Thursday, October 1, 2009

This was written with a mildly interesting Grey's Anatomy on in the background

I'm sitting here watching TV and remembering that I wanted to post something tonight. I haven't been good at keeping this updated, and I haven't really written anything of consequence yet. That seems to be a pattern with me: start something with the best of intentions, play at it for a while, then lose interest and let it fall by the wayside. There's really no purpose to this blog; I just wanted to have a place to write thoughts that are too unwieldy for Twitter and Facebook. That's what this space is, and I guess I have less to say than I once believed.

So, the last couple of weeks have been very productive at work. Our new phone switch is now hosting a number of its very own. It's kinda awesome when you consider that I have no earthly idea how it actually functions. The thing is spitting out dialtone, Caller ID, and other telephony-type accoutrement. I'm really impressed about how much a person can accomplish when he relies on the knowledge and problem-solving ability of other people. Also, I've gotten our DSLAMs to work with the switch to eliminate some parts of the network. Fewer pieces = less to go wrong. We like this. Simple really is beautiful.

And since no one really cares about tech talk (thank you, Wiggly, for reminding me of that), I'll put a few personal things out for consumption. I have been feeling so much better in the last few days than I have in a long while. I can't really point to anything in particular that should make me feel happier; I just do. My friend's bachelor party was this past weekend, and I realized, once again, that I know someone who reacts to situations almost the same way I do. I feel a little bad about putting him in an awkward situation, but he handled it like a champ. In short, a good time was had by all, despite some awkwardness (mostly mine.)

I've deleted my old MySpace account, and it feels good. It was just something I didn't really check anymore, and I hated looking at most of the abominations people created there. Facebook is the flavor-of-the-month, but it's also a damn useful site. That's not to say that it couldn't be better, but it does what I need it to do, which is to provide a place for me to share stories and random thoughts with my friends who don't use digg.com or look at Techdirt, Dvorak Uncensored, Crooks and Liars, The Movie Blog, or any of the other sites I enjoy. Somehow, this has become my main source of interaction with people, which might be sad to some, but it's working for me. I live in a place where I don't have a lot of people around who are interested in the things that get me going, so Facebook is a point of connection with five or so of the 130-ish people who claim to know me and also bother to read one or two of the things that get my hamster on the wheel.

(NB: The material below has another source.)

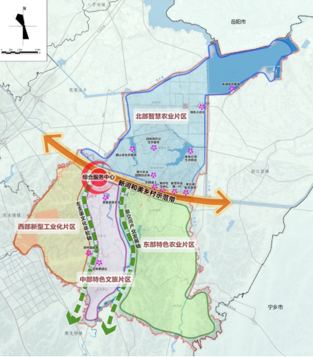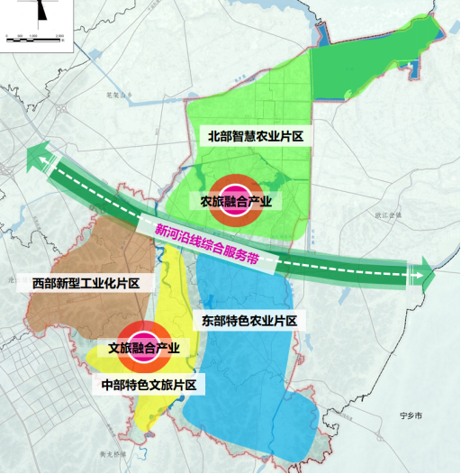 产业发展布局。规划期内重点做好稻米、水产、文旅三大特色产业文章,形成“智慧农业、教育研学、乡村旅游”三大产业发展主线,形成“一带两核四区”的产业发展格局,“一带”为新河沿线综合服务带,“两核”指新河以南以“林翼文化”为核心的文旅融合产业及新河以北以“美丽田园”为核心的农旅融合产业,“四区”为西部新型工业化片区、中部特色文旅片区、东部特色农业片区、北部智慧农业片区。

Believe it or not, it's taken an hour for me to write this. I'm tired now, and I want to stop. If you've read this far, you deserve a prize. Please write your Congresscritter for that, as I don't have anything for you. It's going to be a great day tomorrow. I can't say why, but I feel it.

Goodbye for now.

Friday, August 7, 2009

Another Friday night - First post

Hello. If you're reading this, you're probably on the wrong page. I don't quite know what to put here, but I've had a few ideas swirling about. I'm thinking about maybe posting thoughts on random news stories. I realize that I'm breaking new, unexplored territory with that one, but I am not afraid. Mostly, this will be a collection of thoughts I believe are important enough to share with the one other person who may read them. This is a brave new world, and I'm going to dip a toe into the water to see if I like it.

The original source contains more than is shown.